Most fans have an arrow to show airflow direction, can be hard to see sometimes though.


----------



## lazybone (Jan 2, 2008)

ohhhs I see but how I make the fan intake or exhaust?


----------



## adrianparke2002 (Jun 4, 2009)

actualy side panels should be exaust due to the fact that warm air rises now think of this you turn the pc sideways and lay it on its side now the mobo is straight up now heat rises? well that side panel fan will suck the air out of the case more effeciently and it stops the blockage of proper airflow due to cold at the bottom it goes up and gets sucked out insted of it being blown around and Pci slot blowers seriously help the hot airflow out of the case and a 9800gt which runs very hot is very benifited from a pci slot blower approx 15C cooler it gets if one is ran under it.


----------



## McNinja (Jun 22, 2008)

I would wholeheartedly disagree with your statement Adrainparke2002. A Side air fan should push air inside as most front fans won't have enough pwoer to push air directly on the the cards. Most of the time the side air vent is positioned high enough so it just hits the top of the highest card (usually a graphics card. The air gets hot as it directly hits the motherboard cooling which can get sucked out above if you have a Antec 900 case like me. 

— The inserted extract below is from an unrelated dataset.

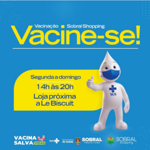 Como forma de contribuir com o município de Sobral na luta para vacinar o mais rápido possível a população contra a Covid-19, o Sobral Shopping abre a partir desta quinta-feira (03/02), um ponto de vacinação permanente em parceria com a Prefeitura de Sobral, através da Secretaria de Saúde. A loja, próximo a loja Le Biscuit, ficará aberta diariamente seguindo o horário do shopping, e irá vacinas crianças a partir de 11 anos e adultos que receberão a dose de reforço.
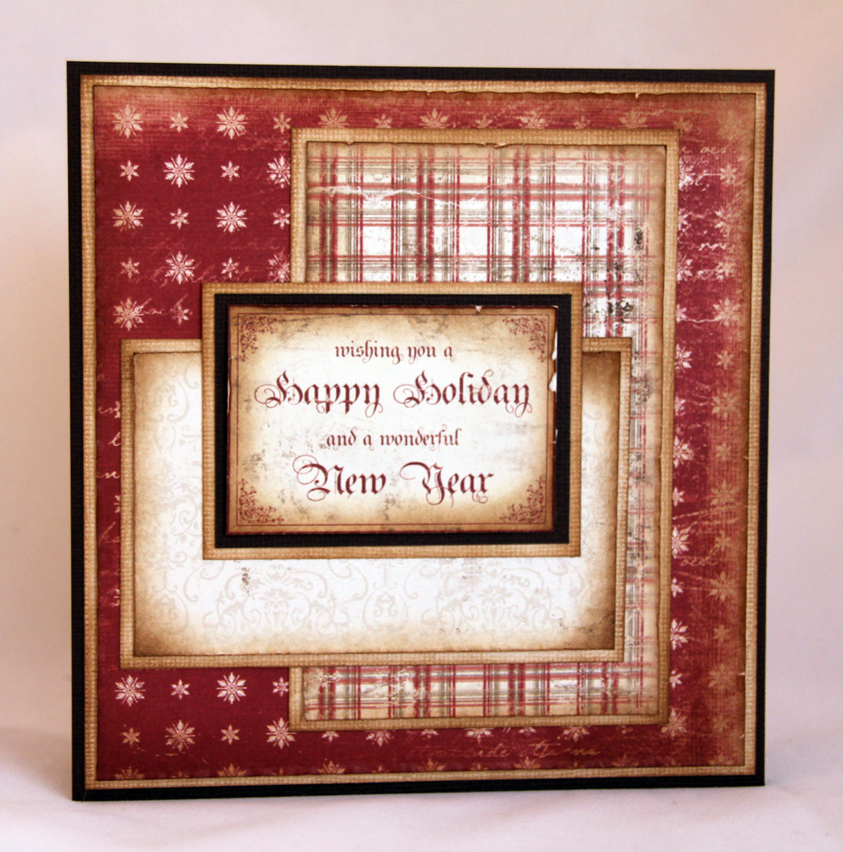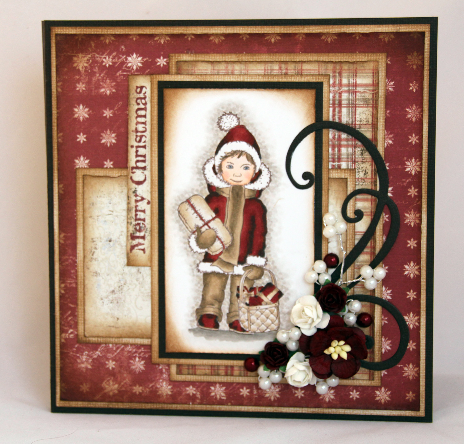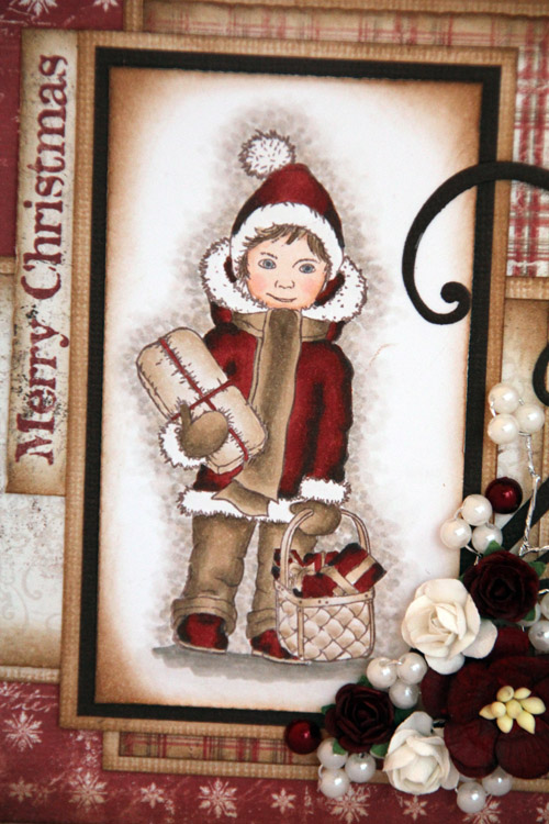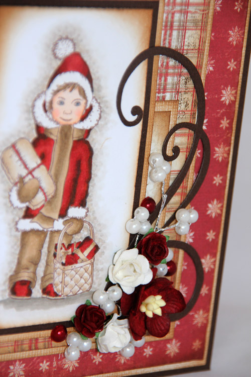 Som på de andre Nederlandskortene er papirene og motivet “Charlie med klapp” fra Maja Designs “Vintage Winter”-kolleksjon. Her er ingen paneler verken sydd eller rufset, men de er alle svertet med distress ink vintage photo. Når jeg sier at ingen paneler er rufset er det en sannhet med pluttifikasjoner (evt. modifikasjoner), jeg har brukt “Yasmin”-metoden med å legge neglen under arket og dra, så HELT flatt er ikke kortet.. Blomster fra Papirdesign, Kort og Godt og WOC. De røde blomstene var etter min mening altfor røde, så jeg har farget de med E19 i tillegg, da ble de så fine atte!!! Den hvite perlegrenen kommer fra Kort og Godt, mens perlene er fra Inkido. Swirlen er en Magnolia Doohickey-die.

The main thing a side air vent does is blow air on the motherboard greatly cooling it. The side air vent would have to be positioned at the top of the case to really have direct impact on heat.

I customized my GTX 260 so that the fan inside it blows at 60% at default, and lowered the temps limits so the fan increases at a lower temp. You can use Rivatuner to customize the fan on the graphics card if you want.
http://downloads.guru3d.com/download.php?det=163

The GTX 260 is really cool on idle since the clocks on it auto downclock when not in a 3d program. On 60% with my case I get these temps with an ambient room temp of around 20C.









So I have 5 case fans and anotther 3 fans for my PSU (140mm), CPU (120mm) and my GTX 260 ( don't know the fan size)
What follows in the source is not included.